Suppose that one has a directed, acyclic graph G, and each vertex $v$ contains a (positive) value $a_v$. Additionally, let $r$ be a constant. For my purposes, $r>1$, but this might not matter. Let $n$ be the number of vertices in G and let $[n]:=\{1,2,\ldots, n\}$.

A topological sort of $G$ is a bijection $G\to[n]$ such that if there is a path from $v$ to $w$, then $\tau(v)<\tau(w)$. Alternately, if we view $G$ as defining a partial ordering, a topological sort is a total ordering extending the partial ordering.

I would like to find $\displaystyle\min_{\tau} \sum_v a_v r^{\tau (v)}$, where we are taking the minimum over all topological sorts of G. It may help to generalize the problem and to finding $\displaystyle\min_{\tau} \sum_v a_v p({\tau (v)})$, where $p:[n]\to \mathbb R$ is a penalty/weight function (perhaps assumed to take positive values and be monotonic).

There are two extreme cases. If $G$ has no edges, we would sort things in ascending or descending order depending on if $r<1$ or $r>1$. If $G$ is already a linear order, there is nothing to be done. Already, the problem seems nontrivial given two disjoint linear orderings, where the problem reduces to the optimal riffle shuffle.

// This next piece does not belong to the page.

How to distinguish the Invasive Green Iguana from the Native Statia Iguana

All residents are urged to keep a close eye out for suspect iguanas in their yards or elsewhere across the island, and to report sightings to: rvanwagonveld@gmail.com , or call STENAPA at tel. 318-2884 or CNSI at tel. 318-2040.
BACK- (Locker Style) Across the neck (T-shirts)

So is there a good algorithm for solving this? I know of some heuristics which help in certain cases, and I can use a bubble-sort type algorithm to get "local" minima, but unless there is a way to recast the problem, I don't see a good way to solve it.

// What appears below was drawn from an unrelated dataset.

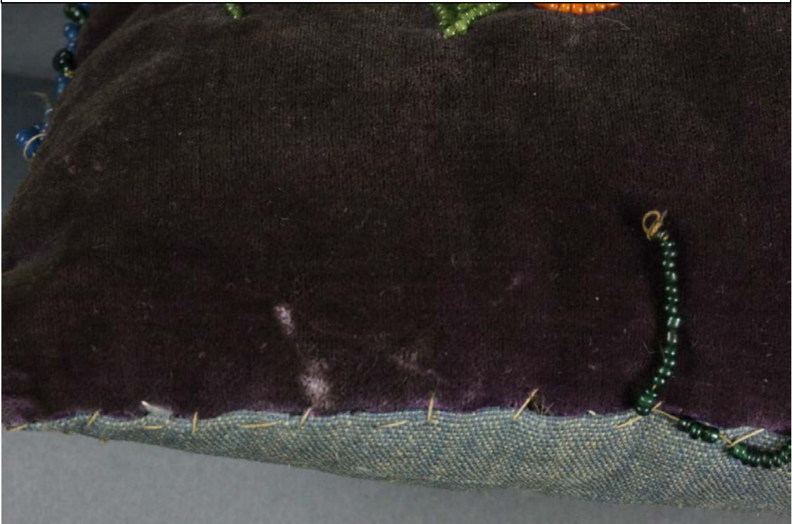
Fig.4 – Missing beads – Top right edge

Added later: I want to extend my comment and explain why I view dynamic programming to be insufficient. At best, this will clarify what I'm looking for. At worst, this will reveal a gap in my understanding which someone can clarify.

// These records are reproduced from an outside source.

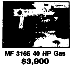
MF 3165 40 HP Gas $3,900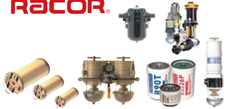
Fuel Filter & Water Separators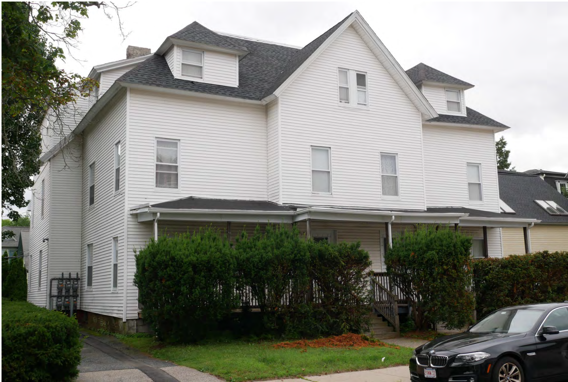
90. 101-103 Merrick Street, looking southeast. Integrity rating: poor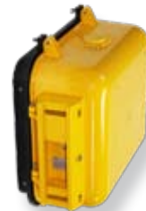
16" Clamshell mount (sold separately)

*Dimensions are approximate and vary based on material used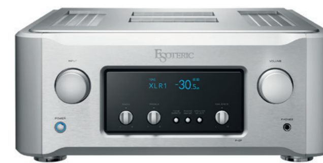
F-07 Integrated Amplifier

Fully balanced circuit design on preamplifier section. Employing a high power amplifier module inherited from the upper separate models.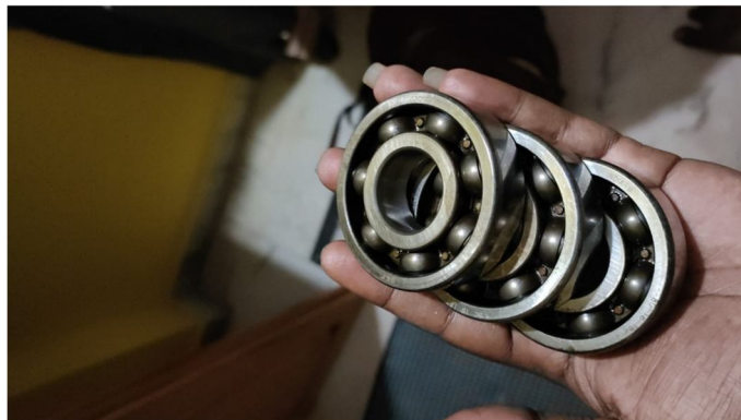
Fig. 7 Ball bearings

The ball bearing used to rotate the shaft freely without any disturbance which reduces the friction and the bearing fixed to bottom of the disc.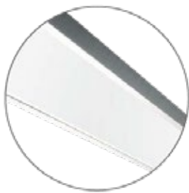
low UGR plexiglass

All XTA profiles come with many diffuser options for glare control in any application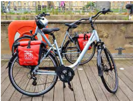
Bike – 21 gears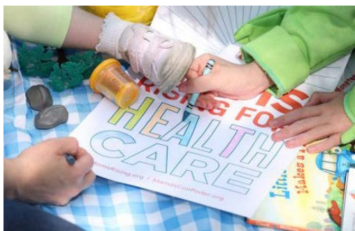
Children and moms using their crayons and creativity for health care.

MomsRising led a campaign that resulted in a monumental victory when the U.S. Department of Health and Human Services reinforced that states must provide 12 months of continuous coverage for children under Medicaid and CHIP (Children's Health Insurance Program), ensuring uninterrupted care for millions.

For there to be a dynamic programming solution, there need to be sub-problems which can be built upon to get a larger solution. For example, when searching for a path through a graph with edge lengths, if a minimal length path passes through a particular vertex, then the path from from the start to that vertex must be of minimal length. If we keep track of all the vertices that can be reached in time less than $t$, then we can ignore all paths through those close vertices which do not begin with a minimal path, and so we need to remember at most one path to any vertex, and at every stage we only need to find the shortest path to an unvisited vertex which is an extension of a known minimal path. This gives $O(n^2)$ storage costs and $O(nm)$ time costs where $n$ is the number of vertices and $m$ is the number of edges.

The obvious sub-problem to use for the problem at hand is that, if we know an initial/terminal segment for an optimal solution, the restriction to the subgraph containing just those elements will yield the same initial/terminal segment. It does not appear that we can say anything stronger. The algorithm this yields is as follows:

  1. Select all vertices with no predecessors, and put each of these singletons into a list of admissible initial segments.
  2. (Definition) For an admissible initial segment of length $n$, we say that an extension of length $n+1$ is admissible if it satisfies both the topological constraints of the directed graph and, if no topologically allowed insertion of the new element has a lower total value. From the collection of all admissible extensions of length $n+1$.
  3. Given the collection of all admissible segments of length $n$, form the collection of all admissible extensions of length $n+1$.
  4. From the collection generated in (3), if any two admissible extensions use exactly the same collection of vertices, remove the segment with a higher associated cost.
  5. Loop through (3) and (4) until you have found the minimal initial segment containing every vertex of the graph.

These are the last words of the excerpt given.